**RAW DATA:**

————————

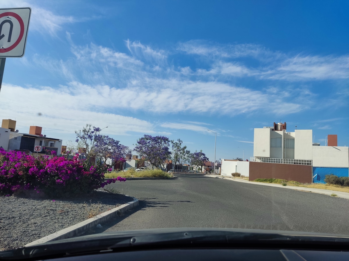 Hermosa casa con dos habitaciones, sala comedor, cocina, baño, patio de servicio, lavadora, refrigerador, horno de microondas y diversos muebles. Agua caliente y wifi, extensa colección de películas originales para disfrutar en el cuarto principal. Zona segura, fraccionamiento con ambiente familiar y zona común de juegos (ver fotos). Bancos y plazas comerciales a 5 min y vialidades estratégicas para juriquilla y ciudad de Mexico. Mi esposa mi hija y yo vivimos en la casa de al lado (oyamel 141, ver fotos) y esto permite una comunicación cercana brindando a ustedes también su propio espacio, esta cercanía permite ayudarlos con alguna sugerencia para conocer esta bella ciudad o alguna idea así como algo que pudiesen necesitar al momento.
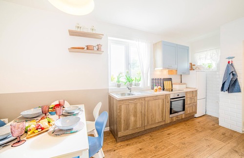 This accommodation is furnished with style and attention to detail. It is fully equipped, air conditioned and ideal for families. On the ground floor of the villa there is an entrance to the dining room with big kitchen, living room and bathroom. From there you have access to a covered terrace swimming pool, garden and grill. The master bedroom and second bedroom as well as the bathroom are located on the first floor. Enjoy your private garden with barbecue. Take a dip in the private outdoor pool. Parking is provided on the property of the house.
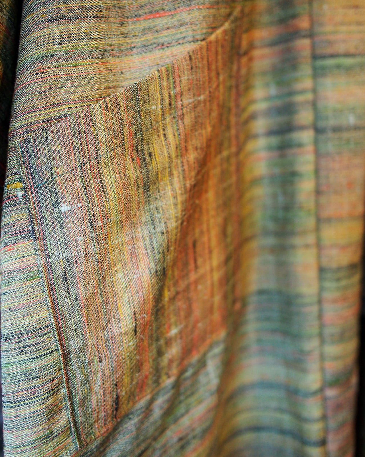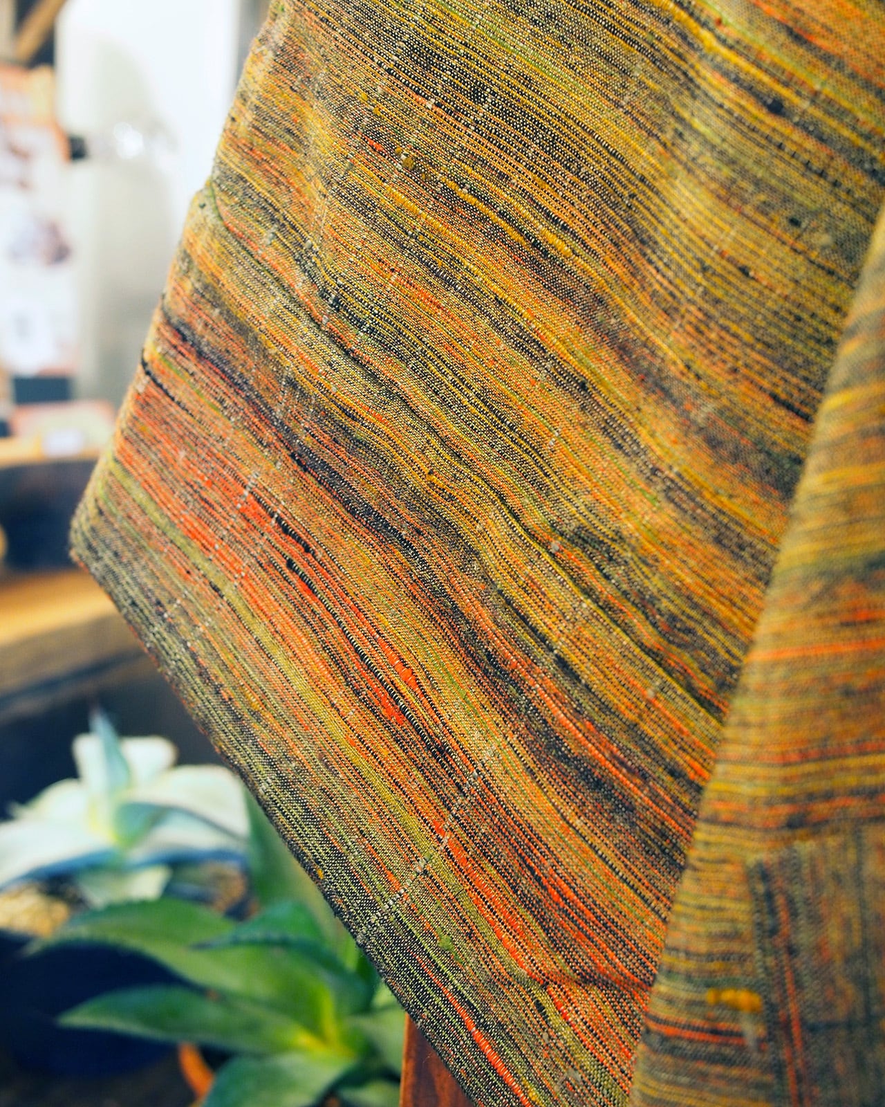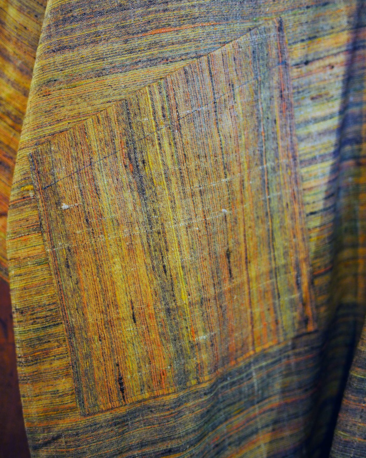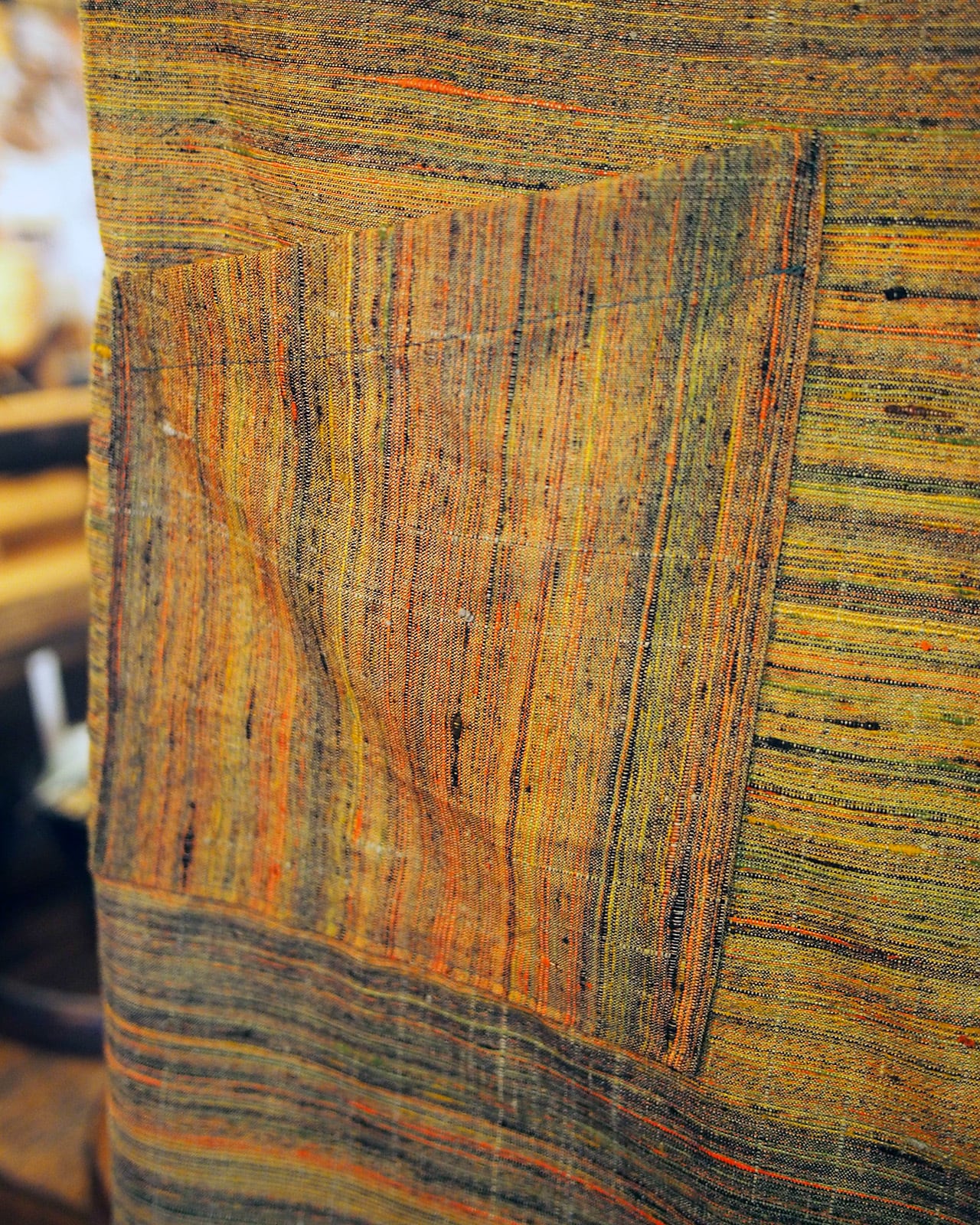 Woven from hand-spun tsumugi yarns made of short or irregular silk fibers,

————————

Set down the data above word for word, leaving every picture out.

**EXPECTED OUTPUT:**
 Hermosa casa con dos habitaciones, sala comedor, cocina, baño, patio de servicio, lavadora, refrigerador, horno de microondas y diversos muebles. Agua caliente y wifi, extensa colección de películas originales para disfrutar en el cuarto principal. Zona segura, fraccionamiento con ambiente familiar y zona común de juegos (ver fotos). Bancos y plazas comerciales a 5 min y vialidades estratégicas para juriquilla y ciudad de Mexico. Mi esposa mi hija y yo vivimos en la casa de al lado (oyamel 141, ver fotos) y esto permite una comunicación cercana brindando a ustedes también su propio espacio, esta cercanía permite ayudarlos con alguna sugerencia para conocer esta bella ciudad o alguna idea así como algo que pudiesen necesitar al momento.
 This accommodation is furnished with style and attention to detail. It is fully equipped, air conditioned and ideal for families. On the ground floor of the villa there is an entrance to the dining room with big kitchen, living room and bathroom. From there you have access to a covered terrace swimming pool, garden and grill. The master bedroom and second bedroom as well as the bathroom are located on the first floor. Enjoy your private garden with barbecue. Take a dip in the private outdoor pool. Parking is provided on the property of the house.
 Woven from hand-spun tsumugi yarns made of short or irregular silk fibers,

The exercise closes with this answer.